Le Cwarmé est dans quelques semaines mais déjà toutes les sociétés (4 chorales et 2 sociétés musicales) sont sur le pied de guerre pour préparer ce carnaval entièrement en Wallon. Le folklore, c’est ici un véritable lien social et un facteur d’intégration pour les étrangers.

Vive les rôleurs

Le hall omnisports accueille ce soir une drôle d’équipe. Elle n’est pas réputée pour ses exploits sportifs mais plutôt pour ses performances vocales. La société La Royale Malmédienne est un chœur masculin qui défend le folklore depuis 1866. Mais pour le Cwarmé, elle se transforme en une troupe de comédiens chanteurs tout entière dédiée aux "rôles". Une vénérable tradition et un spectacle humoristique qui mêlent chansons et saynètes satiriques se moquant gentiment de faits ou de personnalités malmédiennes qui se sont faites remarquer au cours de l’année écoulée. Le tout dans le plus pur Wallon local. Un patois qui ne ressemble à aucun autre et dont la saveur est à l’image des habitants : chaleureux et savoureux. Assis ou debout, les rôleurs répètent joyeusement mais avec grand sérieux des textes qui doivent demeurer secrets jusqu'au lundi du carnaval, le lendemain du grand cortège. Et c’est sur des chars fabriqués par eux-mêmes qu’ils se produiront dans ce Cwarmé qui peut accueillir jusqu'à 20.000 visiteurs. Etre rôleur à Malmedy, c’est une consécration et un honneur que l’on prend très à cœur, comme tout le folklore d’ailleurs.

Le folklore, c’est sacré

Pour de nombreux jeunes, comme Axel, le dernier arrivé, c’est dans les gênes.
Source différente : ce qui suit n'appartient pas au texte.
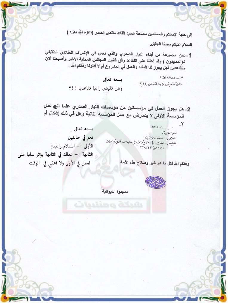 العاملين في مؤسسات التيار الصدري(استفتاء للسيد القائد بتاريخ 23-3-2011)

Il a fait ses études ailleurs et a travaillé plusieurs années à l’étranger. Mais dès qu’il en a eu l’occasion, il est revenu s’installer à Malmedy. Vue de l’extérieur, la société malmédienne peut paraître repliée sur elle-même. Il est vrai que sa situation géographique entre l'Allemagne et la Wallonie ainsi que son passé douloureux (elle a été occupée deux fois par les troupes prussiennes d’abord, puis par les Nazis en 1940 ensuite) l’ont longtemps isolée au milieu de ces massifs forestiers.

Malmedy, terre d’accueil

"C’est dans sa mentalité depuis toujours", estime Catherine Dutilleux, citoyenne engagée mais aussi grande amoureuse de sa ville. "De l’extérieur, cela ressemble un peu à un petit cercle fermé où ne sont admis que ceux qui parlent le wallon. En réalité, c’est très ouvert aux étrangers et ici, on est considéré comme étranger si l’on habite à Spa qui se trouve à moins de 10 kilomètres. Mais si l’on fait l’effort de vouloir s’intégrer, de participer à la vie locale et d’avoir des contacts avec les gens, on est très vite intégré. La solidarité, c’est une réalité quotidienne ici. Tout le monde est membre d’une société ou d’un groupe et tout le monde s’entraide."

Et par-dessus tout, on est farouchement wallon !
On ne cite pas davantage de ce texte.